I feel as though I have started really listening to what the universe is trying t tell me, and it has proven to guide me along some pretty profound paths recently that I have only just begun to travel. As one might expect, these paths are in the forests of my musical experience, yet both are incredibly unique to each other.
The first series of calls from the universe were essentially in the forms of opportunities that "fell into my lap." I use quotations because I'm not really sure if that ever really happens, but... I digress. The opportunities involved both my teaching of music and being a session musician for recordings. And there were multiple instances where these opportunities arose .... from presumably nowhere.
Now I have been having issues with the idea of session work for a while now, feeling as though my participation in these endeavors only prove to "feed the machine" that is the music industry, something I don't really care for in the least. However, I have been able to step beyond this rather crippling ideology, no matter how true it may seem, to realize that I have spent many, many years honing my musical craft, so why not take advantage of opportunities that utilize these skills doing what I love: playing music? (and strangely enough, I do really enjoy session work in the studio!)
And considering there are over 500 professional recording studios in Nashville, only 3rd in the US behind NYC and LA (and not all for country music thank god!) than it seems like a truly viable way to make money, connect with a music community, and ultimately do something that I am good at and enjoy (and isn't that the aim of any career?) So I am opening my world and pushing in the appropriate directions to see what comes of it all.
And with regards to teaching, I have one, potentially two trumpet students, without having looked for any! And I don't teach just trumpet... so I can't help but feel this is the universe asking me "what if you actually put some damned effort into it?!"
Now for the other musical path I am beginning to travel. The yang to my musical yin, or rather, my creative musical fulfillment.
It started when Ellen and I were in NYC a while back and I happened to see that one of my good friends (and easily one of the sickest musicians I know) had posted an invite to a gig he was playing at a bar called Nublu that night with Butch Morris and the Nublu Orchestra.
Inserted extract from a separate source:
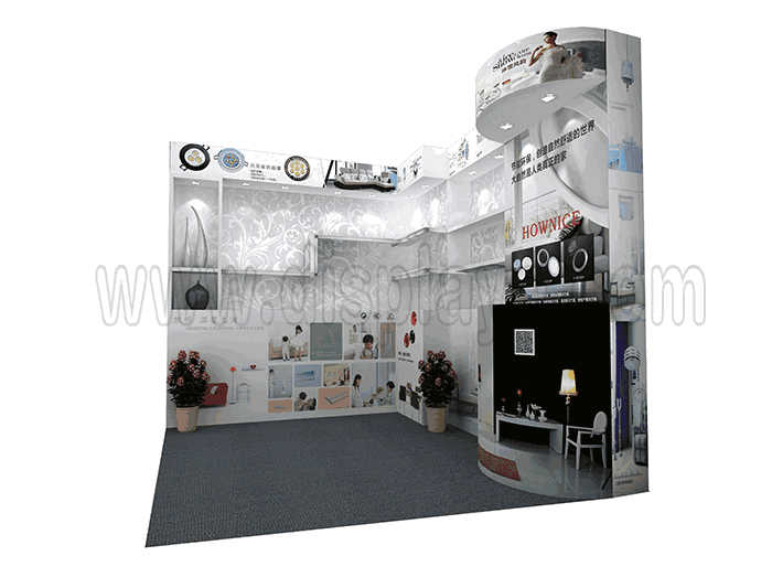 Tips: If you want to DIY design your own stand, this modeling structure applies to 3x3m square booth or below, you can increase more exhibition function or more striking customized modeling.

Nublu is a club I had been to a number of times while living in NYC because a) it was literally only 3 blocks away from my apartment and b) it had some of the most fun, innovative, and truly badass music of anywhere in the city as far as I was concerned. So obviously, I had to go!
I had actually seen this ensemble once before and remembered begin moved by it. But that night I was moved in a way I don't think I have EVER been in my life. And I say that because although I enjoyed the music immensely and was incredibly inspired (as is often the case having experienced a wonderful show) this time a lot of puzzle pieces to my musical voice started really coming together, and I left the club that night feeling more purposeful than perhaps I've ever been. It was one of the few times I truly felt like I was merely a vessel, fulfilling a purpose I had been called to do. Dramatic, I know, but it's true.
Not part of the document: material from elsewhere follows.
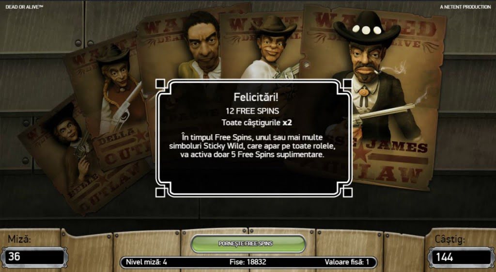 În timpul rotirilor gratuite se activează bonusul Sticky Wild. După ce apare un Wild, rămâne pe aceeași poziție pe toată perioada rundelor gratis, așa că ai aproape la fiecare rotire un câștig după primul Wild. Spre finalul rundelor gratuite, când deja ai câteva Wild-uri pe ecran, câștigurile devin deja uriașe. În momentul în care ai 5 afișe de „Wanted Dead or Alive” pe aceeași linie primești 5 rotiri suplimentare, pe lângă profitul de 1.500 x miza dat de linie.

So upon returning to Nashville, I immediately, and without hesitation, sent out emails to every musician in Nashville that I respected and felt might be interested in this new project. So, after countless hours of research and conceptualization, I've already had one rehearsal or "collective" as I like to call them with nine people, all of whom kicked ass, had fun, and seemed genuinely interested. And we already have the 2nd collective scheduled for next week, with musicians offering up their help and advice.
Now I am fully aware of course, that as purposeful and almost destined as this project may seem, I know it might not live as long I would hope. And I have come to terms with that. But to experience even the slightest glimmers of power the universe can show you, and to open yourself to that power, allowing your personal quest for bliss to convene with that which calls to you in the series of moments that make up your conscious (and unconscious) existence ... then you start to see traces of that light with burns as brightly as the center of our star and the essence of our souls.